What the exercise asks: Copy everything in the records exactly; the pictures stay out.

Data extract:
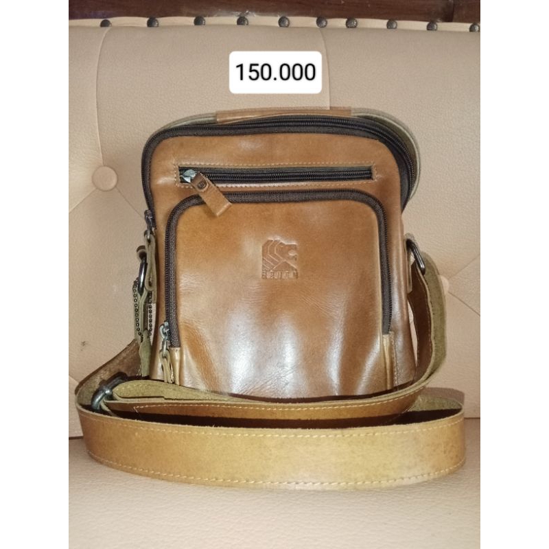 Tas REVEN kulit asli, tas Selempang Cowok (Preloved)
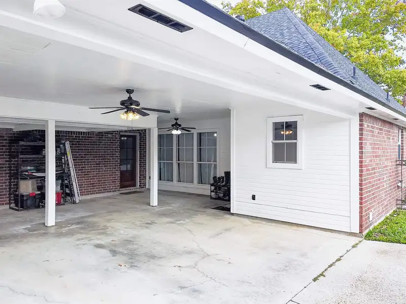 - Two-car carport with extended parking pad
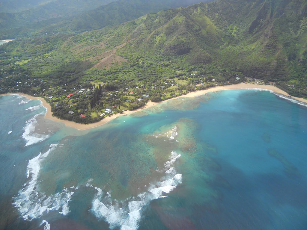 Next, we’ll make our way to the Waimea Canyon, described as “The Grand Canyon of the Pacific.” Stretching over 10 miles long and 3,600 feet deep, this valley is an incredible sight especially with the advantageous views from the sky. Fly over to Wailua Falls, at the south end of Wailua River. This cascading waterfall consists of two trickling streams that drop 80 feet below, you may recognize it from the opening credits of the TV show “Fantasy Land.”
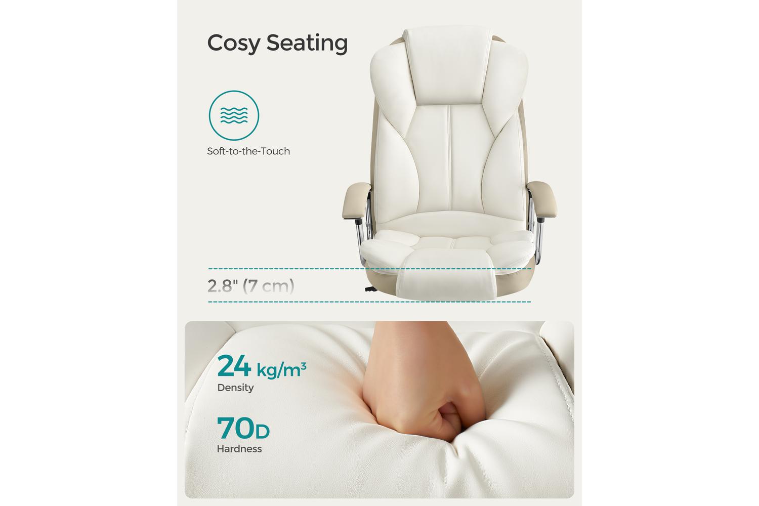 Built to last, the SONGMICS Office Chair features a secure gas pressure cylinder, a robust metal base, and optimised screws that remain tight even after extended use. The high-quality PU leather surface is not only comfortable and stylish but also easy to clean, making it perfect for busy Irish households. Thick, highly elastic padding ensures superior seating comfort and long-lasting shape retention, while durable nylon wheels glide smoothly across any floor type.
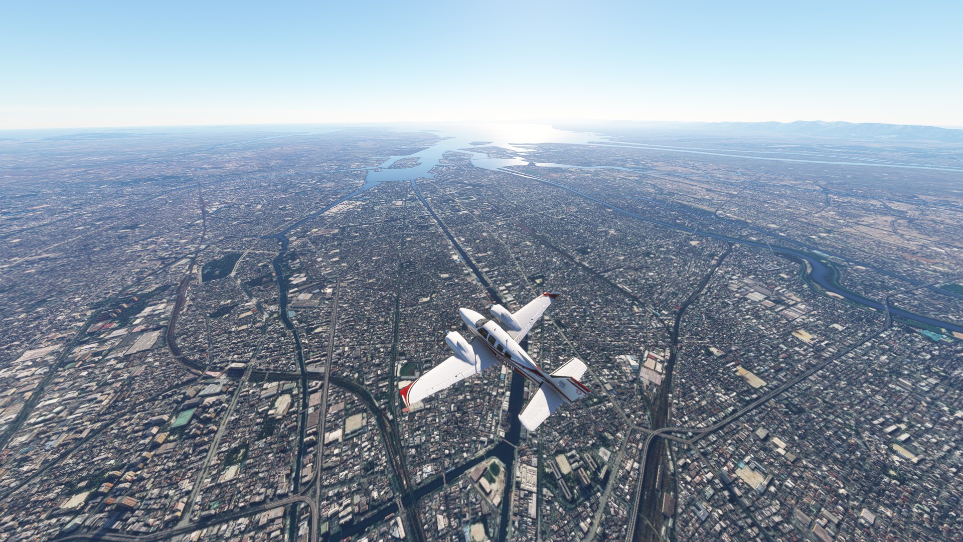 From here I flew towards Chofu. One can feel already the huge urban chaos of Tokyo and surroundings. It's very difficult to orient on VFR with the Baron over this area, so I set a virtual point with the KNS-81 RNAV system that helped me during the approach. A bit fast landing but anyway safe.
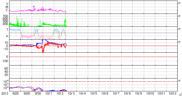 - 2012/10/ 2 09:22 太陽風磁場の強い南向きによって、やや大きい磁気嵐が発生しました。現在の磁気圏は穏やかです。
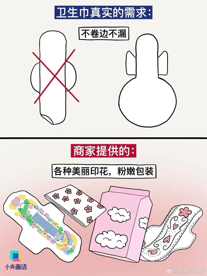 【#別拿消費主義那套來做衛(wèi)生巾#】想不通,衛(wèi)生巾這種每個月都要用的東西,怎么會做得又貴又難用。商家以為我需要:加冰、加熱、加玻尿酸、粉嫩包裝、明星代言……實際我需要的:干凈衛(wèi)生、護翼好貼、安全不漏、價格適中。衛(wèi)生巾是日用品,別搞消費主義輕奢那一套。(繪圖.阿彬的漫畫生活)#有種女性貧困叫月經(jīng)貧困#
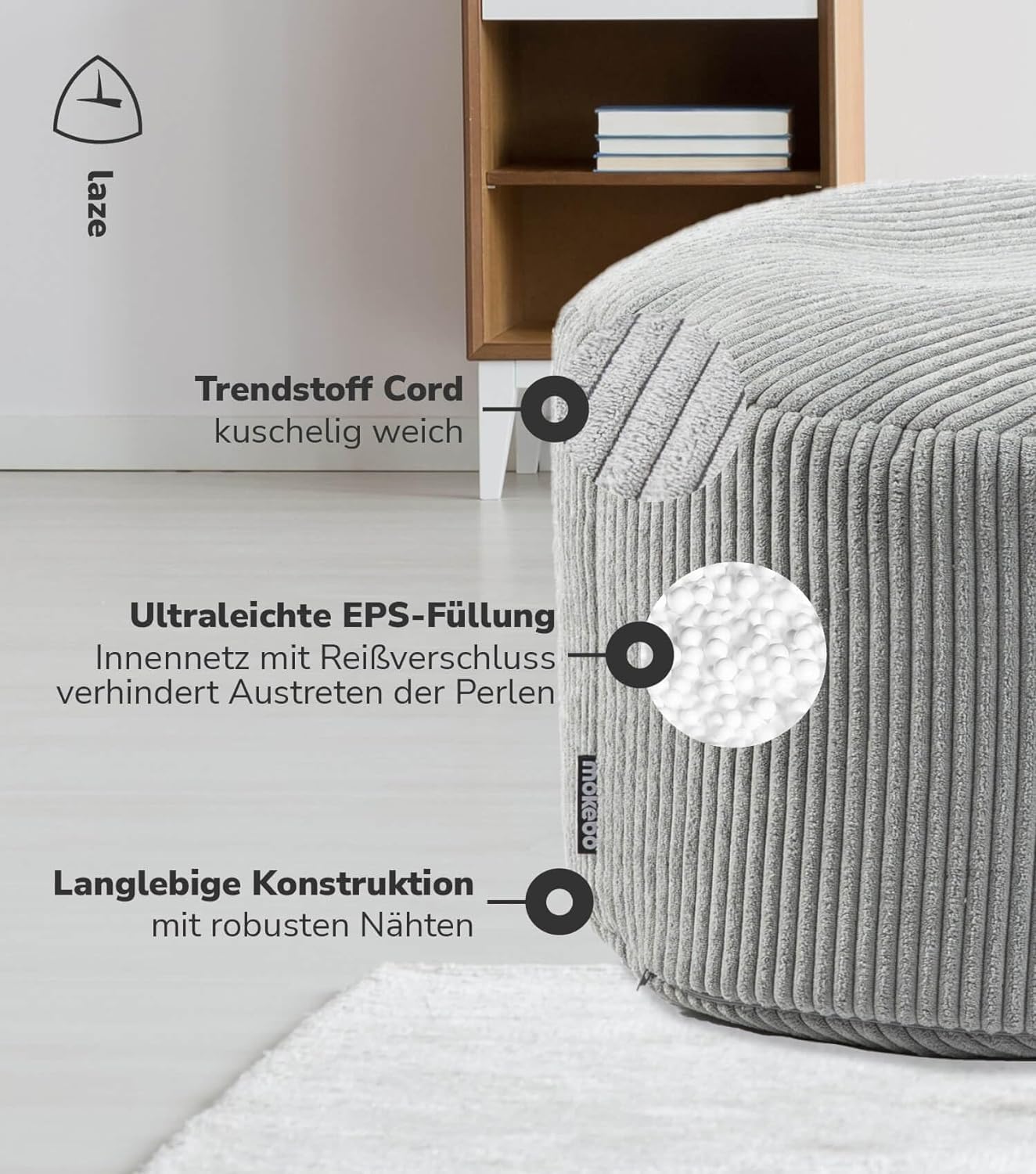 • MADE IN GERMANY! Von hochwertigen & weichen Stoffen über den EPS-Safety-Lock bis zur formbesta?ndigen & Allergiker-freundlichen Füllung aus EPS-Perlen - unsere Indoor Poufs erfüllen höchste Qualitätsansprüche. Hergestellt im Schwarzwald.
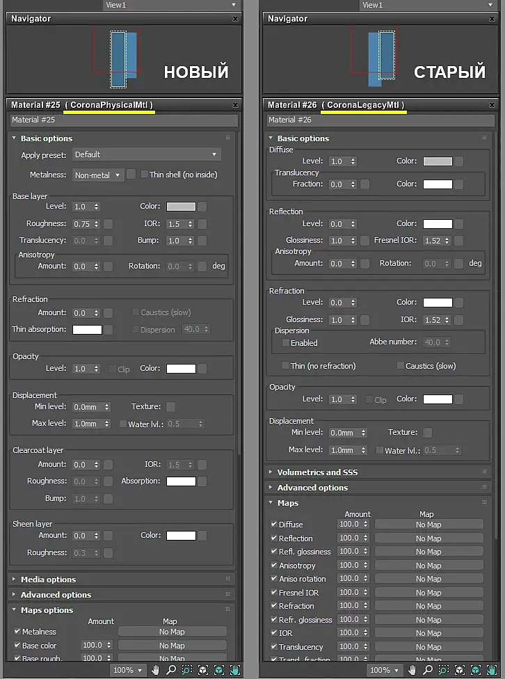 Тем временем в Corona Renderer 7 Daily Builds от 10.12.2020 появился новый (для кого-то долгожданный) PBR материал - "CoronaPhysicalMtl", а старый "CoronaMtl" переименован в "CoronaLegacyMtl".
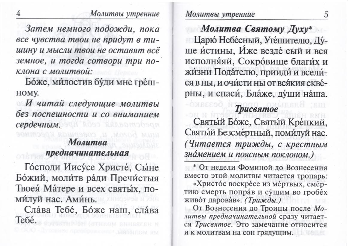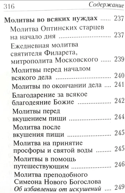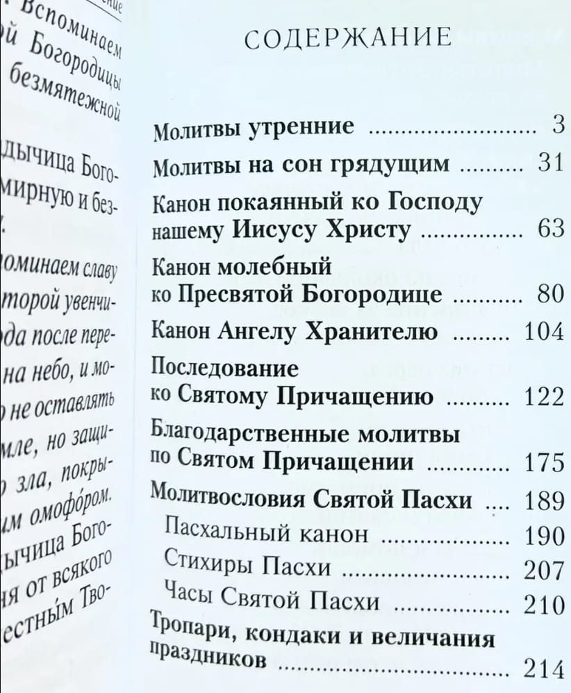 Молитвослов карманного формата, напечатанный гражданским шрифтом, кроме традиционных молитвословий — утреннего и вечернего правила, последования ко Святому Причащению и благодарственных молитв после него — содержит молитвы о болящих, молитвы во всяких нуждах, о детях и ближних, пасхальные песнопения, а также Богородичное правило. Каноны ко Причащению раздельные. Для удобства книга снабжена ленточкой-закладкой.
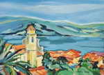 ; Elle joue de son pinceau avec les courbes et les arrondis, avec
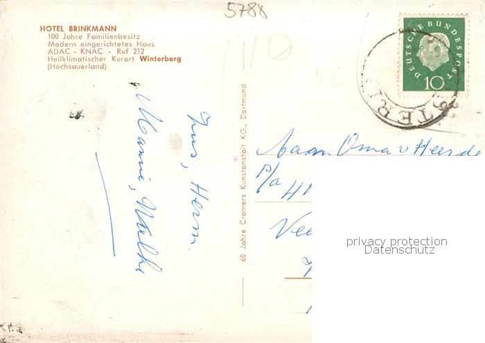 73864201 alte Postkarte Winterberg Hochsauerland Hotel Brinkmann Gastraeume Kaminzimmer postalisch gelaufen Erhaltung siehe scans [WerneD78] KatCode: 11110005958048
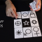 Les cartes folles : Vous présentez à votre spectateur 5 cartes avec un carré noir sur la face de chaque carte. Une par une les cartes vont se transformer magiquement pour faire apparaître les autres symboles ESP qui seront en couleur.

Finished task:
 Tas REVEN kulit asli, tas Selempang Cowok (Preloved)
 - Two-car carport with extended parking pad
 Next, we’ll make our way to the Waimea Canyon, described as “The Grand Canyon of the Pacific.” Stretching over 10 miles long and 3,600 feet deep, this valley is an incredible sight especially with the advantageous views from the sky. Fly over to Wailua Falls, at the south end of Wailua River. This cascading waterfall consists of two trickling streams that drop 80 feet below, you may recognize it from the opening credits of the TV show “Fantasy Land.”
 Built to last, the SONGMICS Office Chair features a secure gas pressure cylinder, a robust metal base, and optimised screws that remain tight even after extended use. The high-quality PU leather surface is not only comfortable and stylish but also easy to clean, making it perfect for busy Irish households. Thick, highly elastic padding ensures superior seating comfort and long-lasting shape retention, while durable nylon wheels glide smoothly across any floor type.
 From here I flew towards Chofu. One can feel already the huge urban chaos of Tokyo and surroundings. It's very difficult to orient on VFR with the Baron over this area, so I set a virtual point with the KNS-81 RNAV system that helped me during the approach. A bit fast landing but anyway safe.
 - 2012/10/ 2 09:22 太陽風磁場の強い南向きによって、やや大きい磁気嵐が発生しました。現在の磁気圏は穏やかです。
 【#別拿消費主義那套來做衛(wèi)生巾#】想不通,衛(wèi)生巾這種每個月都要用的東西,怎么會做得又貴又難用。商家以為我需要:加冰、加熱、加玻尿酸、粉嫩包裝、明星代言……實際我需要的:干凈衛(wèi)生、護翼好貼、安全不漏、價格適中。衛(wèi)生巾是日用品,別搞消費主義輕奢那一套。(繪圖.阿彬的漫畫生活)#有種女性貧困叫月經(jīng)貧困#
 • MADE IN GERMANY! Von hochwertigen & weichen Stoffen über den EPS-Safety-Lock bis zur formbesta?ndigen & Allergiker-freundlichen Füllung aus EPS-Perlen - unsere Indoor Poufs erfüllen höchste Qualitätsansprüche. Hergestellt im Schwarzwald.
 Тем временем в Corona Renderer 7 Daily Builds от 10.12.2020 появился новый (для кого-то долгожданный) PBR материал - "CoronaPhysicalMtl", а старый "CoronaMtl" переименован в "CoronaLegacyMtl".
 Молитвослов карманного формата, напечатанный гражданским шрифтом, кроме традиционных молитвословий — утреннего и вечернего правила, последования ко Святому Причащению и благодарственных молитв после него — содержит молитвы о болящих, молитвы во всяких нуждах, о детях и ближних, пасхальные песнопения, а также Богородичное правило. Каноны ко Причащению раздельные. Для удобства книга снабжена ленточкой-закладкой.
 ; Elle joue de son pinceau avec les courbes et les arrondis, avec
 73864201 alte Postkarte Winterberg Hochsauerland Hotel Brinkmann Gastraeume Kaminzimmer postalisch gelaufen Erhaltung siehe scans [WerneD78] KatCode: 11110005958048
 Les cartes folles : Vous présentez à votre spectateur 5 cartes avec un carré noir sur la face de chaque carte. Une par une les cartes vont se transformer magiquement pour faire apparaître les autres symboles ESP qui seront en couleur.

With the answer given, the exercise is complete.